Según cuenta la leyenda, existe un camino en el cielo y otro en la tierra que conducen a un punto sagrado y místico, venerado desde hace mucho tiempo. Es conocido como “Campo de Estrellas”, hoy en día, Santiago de Compostela.
La historia cuenta que en torno al año 813 un ermitaño llamado Pelayo, que vivía en el bosque de Libredón - hoy las calles que rodean la Catedral Compostelana -, vio durante varias noches un enorme resplandor en el cielo, una estrella gigantesca que indicaba un punto determinado.
Y aquí fue, donde Pelayo encontró una extraña tumba de piedra, hoy la tumba del Apóstol Santiago. Y así fue como durante siglos los peregrinos miraron al cielo para seguir la Vía Láctea que lleva la misma dirección que la del caminante a Compostela.

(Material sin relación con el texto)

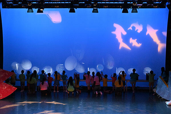 牛乳パックや虫眼鏡を使って「光の水族館」を制作。舞台照明の仕組みを学びながら、創造力を発揮しました。

Plaza de la Quintana @ Paco Rodriguez
La primera vez que salí de noche por las rúas de Santiago algo dulce y amable me embrujó. A partir de entonces me gustaba recorrer sin rumbo calles y callejuelas, rúas y plazas envueltas en esa magia especial que va envuelta en el aire.
La lluvia va marcando el ritmo del silencio; ese silencio roto por el sonido grave y profundo de la campana de la catedral, la Berenguela. Cuando el paseo es nocturno y va acompañado de la lluvia uno puede emocionarse bajo ese orballo menudo que va calando con su cadencia. Callejear y callejear entre las sombras, meterse en el corazón de las rúas, caminar sin prisa bajo sus soportales mientras la luz juega a pintar las piedras con reflejos dorados que bailan porque tienen su propia vida y encierran el arte de un pincel maravilloso que solo la naturaleza sabe crear.
Los faroles han alumbrado tantas historias que se han convertido en testigos mudos del acontecer de la vida de la ciudad. En ocasiones, aparece la luna plateada entre grandes nubes para cobijar a todo aquel que encuentra su camino o su meta en Compostela.
Cada día al ocultarse el sol e iluminarse la Catedral, el fantasma del peregrino hace su aparición en la esquina más próxima a Platerías como esperando la apertura de la Puerta real, quizás, ha de quedarse en Compostela para siempre condenado a peregrinar por el resto de la eternidad y recorrer cada noche esas callejuelas donde la luz y la lluvia se han convertido en arte. En realidad, solo se necesita silencio para poder oír a Compostela.